Project-URL: Homepage, https://github.com/Bigred97/ato-mcp
Project-URL: Documentation, https://github.com/Bigred97/ato-mcp#readme
Project-URL: Repository, https://github.com/Bigred97/ato-mcp
Project-URL: Issues, https://github.com/Bigred97/ato-mcp/issues
Project-URL: Changelog, https://github.com/Bigred97/ato-mcp/blob/main/CHANGELOG.md
Project-URL: PyPI, https://pypi.org/project/ato-mcp/
Author: Harry Vass
License: MIT
License-File: LICENSE
Keywords: acnc,ato,australia,australian,charity-register,claude,data-gov-au,fastmcp,fintech,government-data,mcp,model-context-protocol,property-tech,public-data,tax-statistics,taxation
Classifier: Development Status :: 4 - Beta
Classifier: Intended Audience :: Developers
Classifier: Intended Audience :: Financial and Insurance Industry
Classifier: License :: OSI Approved :: MIT License
Classifier: Programming Language :: Python :: 3
Classifier: Programming Language :: Python :: 3.11
Classifier: Programming Language :: Python :: 3.12
Classifier: Programming Language :: Python :: 3.13
Classifier: Topic :: Office/Business :: Financial
Classifier: Topic :: Scientific/Engineering :: Information Analysis
Classifier: Typing :: Typed
Requires-Python: >=3.11
Requires-Dist: aiosqlite>=0.20
Requires-Dist: aus-identity>=0.1.0
Requires-Dist: fastmcp<4,>=2.0
Requires-Dist: httpx>=0.27
Requires-Dist: openpyxl>=3.1
Requires-Dist: pandas<3,>=2.2
Requires-Dist: pyarrow>=15
Requires-Dist: pydantic>=2.7
Requires-Dist: pyyaml>=6.0
Requires-Dist: rapidfuzz>=3.9
Provides-Extra: dev
Requires-Dist: pytest-asyncio>=0.23; extra == 'dev'
Requires-Dist: pytest>=8; extra == 'dev'
Requires-Dist: respx>=0.21; extra == 'dev'
Requires-Dist: ruff>=0.5; extra == 'dev'
Description-Content-Type: text/markdown

# ato-mcp

mcp-name: io.ausdata/ato-mcp

[![PyPI](https://img.shields.io/pypi/v/ato-mcp.svg)](https://pypi.org/project/ato-mcp/)
[![Python](https://img.shields.io/pypi/pyversions/ato-mcp.svg)](https://pypi.org/project/ato-mcp/)
[![License](https://img.shields.io/pypi/l/ato-mcp.svg)](https://github.com/Bigred97/ato-mcp/blob/main/LICENSE)
[![Tests](https://github.com/Bigred97/ato-mcp/actions/workflows/test.yml/badge.svg)](https://github.com/Bigred97/ato-mcp/actions/workflows/test.yml)
[![CodeQL](https://github.com/Bigred97/ato-mcp/actions/workflows/codeql.yml/badge.svg)](https://github.com/Bigred97/ato-mcp/actions/workflows/codeql.yml)
[![Glama MCP server quality](https://glama.ai/mcp/servers/Bigred97/ato-mcp/badges/score.svg)](https://glama.ai/mcp/servers/Bigred97/ato-mcp)

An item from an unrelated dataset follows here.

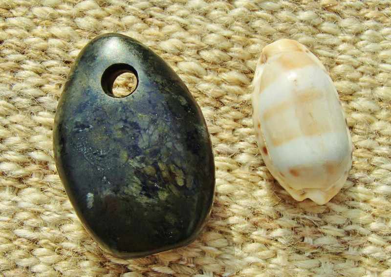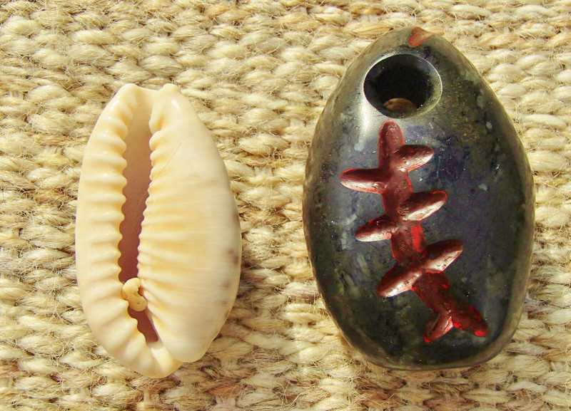 左がモデルにした宝貝で、沖縄の海で拾ったもの。

**MCP server for Australian Taxation Office statistics.** Plain-English access to personal tax by postcode, company tax by industry, corporate tax transparency for every $100M+ entity, super contributions by age, salary by occupation, monthly GST collections, and the live ACNC charity register — all from a single `uvx` command.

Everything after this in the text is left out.